§ **Work order**:
The full listing, exactly as written and with no images, is the expected output.

*** Supplied records Section Begins ***

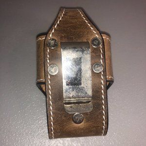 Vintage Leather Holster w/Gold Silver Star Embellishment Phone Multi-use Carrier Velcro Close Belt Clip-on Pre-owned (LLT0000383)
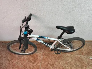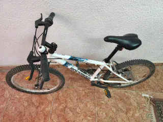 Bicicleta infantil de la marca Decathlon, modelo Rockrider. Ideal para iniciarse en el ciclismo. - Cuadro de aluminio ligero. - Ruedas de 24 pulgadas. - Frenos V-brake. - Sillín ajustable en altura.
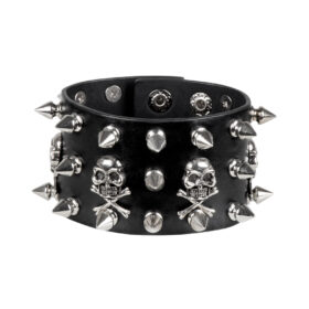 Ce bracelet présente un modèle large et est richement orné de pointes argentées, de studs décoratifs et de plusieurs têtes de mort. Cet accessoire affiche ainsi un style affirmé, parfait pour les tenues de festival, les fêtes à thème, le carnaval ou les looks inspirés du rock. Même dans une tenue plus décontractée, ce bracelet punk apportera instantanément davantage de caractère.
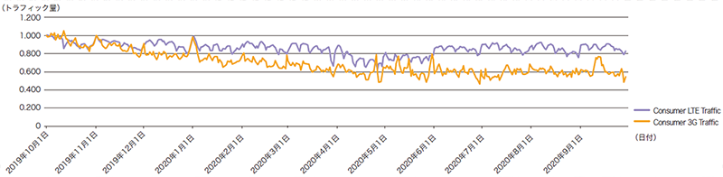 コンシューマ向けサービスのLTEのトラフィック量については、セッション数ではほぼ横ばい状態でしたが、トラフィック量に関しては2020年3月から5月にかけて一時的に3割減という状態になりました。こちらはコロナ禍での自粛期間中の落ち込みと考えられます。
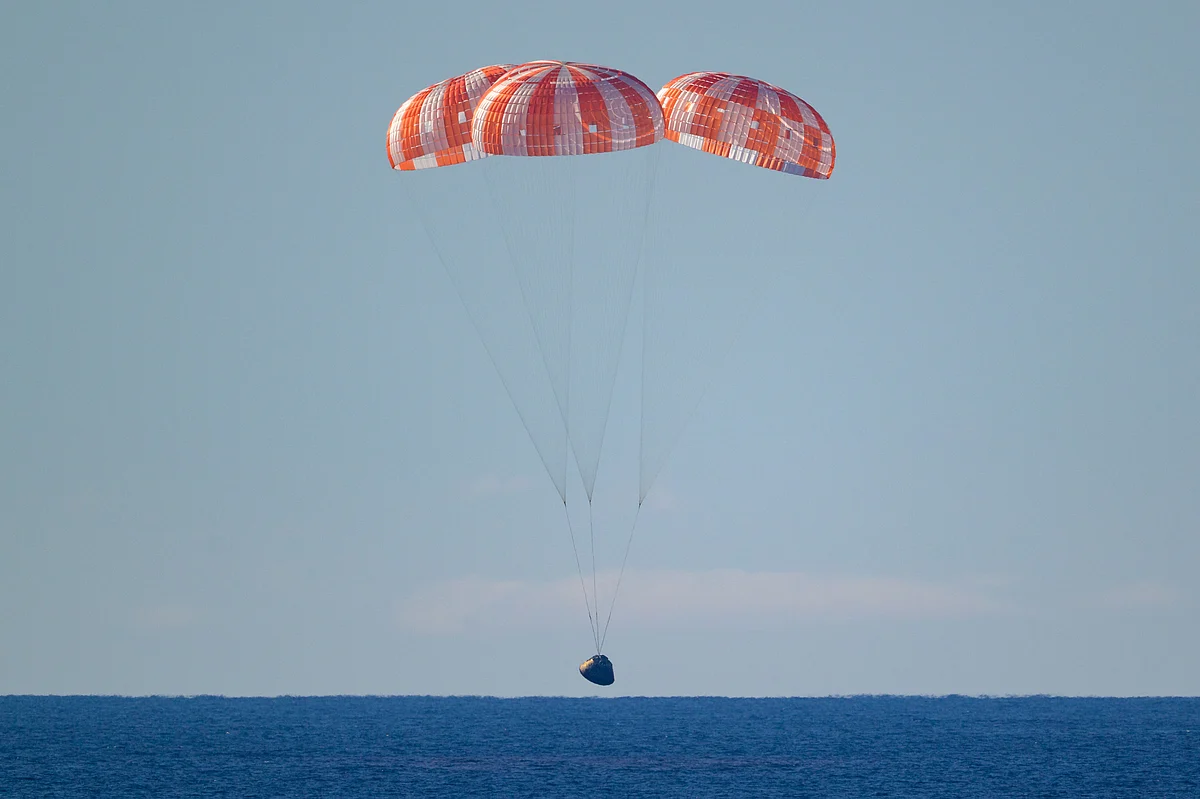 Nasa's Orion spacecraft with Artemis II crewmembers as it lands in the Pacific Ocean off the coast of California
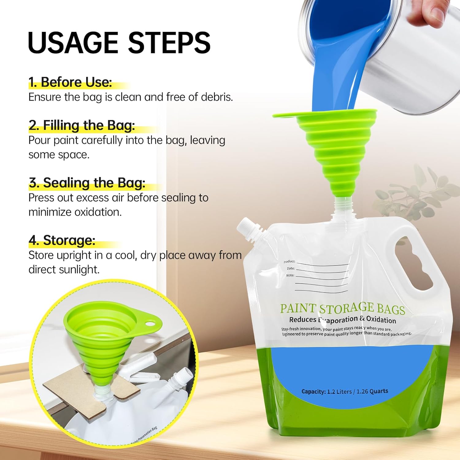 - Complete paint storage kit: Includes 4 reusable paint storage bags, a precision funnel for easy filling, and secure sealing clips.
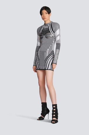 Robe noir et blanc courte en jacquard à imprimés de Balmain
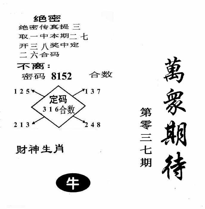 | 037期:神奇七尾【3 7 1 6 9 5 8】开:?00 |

*** Supplied records Section Ends ***

§ **Task result**:
 Vintage Leather Holster w/Gold Silver Star Embellishment Phone Multi-use Carrier Velcro Close Belt Clip-on Pre-owned (LLT0000383)
 Bicicleta infantil de la marca Decathlon, modelo Rockrider. Ideal para iniciarse en el ciclismo. - Cuadro de aluminio ligero. - Ruedas de 24 pulgadas. - Frenos V-brake. - Sillín ajustable en altura.
 Ce bracelet présente un modèle large et est richement orné de pointes argentées, de studs décoratifs et de plusieurs têtes de mort. Cet accessoire affiche ainsi un style affirmé, parfait pour les tenues de festival, les fêtes à thème, le carnaval ou les looks inspirés du rock. Même dans une tenue plus décontractée, ce bracelet punk apportera instantanément davantage de caractère.
 コンシューマ向けサービスのLTEのトラフィック量については、セッション数ではほぼ横ばい状態でしたが、トラフィック量に関しては2020年3月から5月にかけて一時的に3割減という状態になりました。こちらはコロナ禍での自粛期間中の落ち込みと考えられます。
 Nasa's Orion spacecraft with Artemis II crewmembers as it lands in the Pacific Ocean off the coast of California
 - Complete paint storage kit: Includes 4 reusable paint storage bags, a precision funnel for easy filling, and secure sealing clips.
 Robe noir et blanc courte en jacquard à imprimés de Balmain
 | 037期:神奇七尾【3 7 1 6 9 5 8】开:?00 |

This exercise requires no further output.